Bij besluiten van 22 oktober 2014, 23 december 2014 en 9 februari 2015 (de primaire besluiten) heeft verweerder aan verzoekster een last onder bestuursdwang opgelegd wegens overtredingen van de Wet dieren. Daarbij heeft verweerder aan verzoekster maatregelen opgelegd.
Verzoekster heeft tegen de primaire besluiten bezwaar gemaakt. Zij heeft de voorzieningenrechter verzocht om een voorlopige voorziening te treffen, ertoe strekkende dat de door verweerder meegevoerde en in bewaring genomen dieren aan haar worden teruggegeven.

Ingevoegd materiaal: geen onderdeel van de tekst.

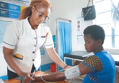 穆薩烏(左)為一名當(dāng)?shù)卦袐D測量血壓。本報(bào)記者 黃煒鑫攝

Het onderzoek ter zitting heeft plaatsgevonden op 5 maart 2015. Verzoekster is verschenen, bijgestaan door haar gemachtigde. Verweerder heeft zich laten vertegenwoordigen door zijn gemachtigde. Aan de zijde van verweerder is tevens verschenen [naam 2], werkzaam bij de Landelijke Inspectiedienst Dierenbescherming.

Overwegingen

1. Ingevolge het bepaalde in artikel 8:81 van de Algemene wet bestuursrecht (Awb) kan, indien tegen een besluit bij het College beroep is ingesteld, dan wel, voorafgaand aan een mogelijk beroep, bezwaar is gemaakt, op verzoek een voorlopige voorziening worden getroffen indien onverwijlde spoed, gelet op de betrokken belangen, dat vereist.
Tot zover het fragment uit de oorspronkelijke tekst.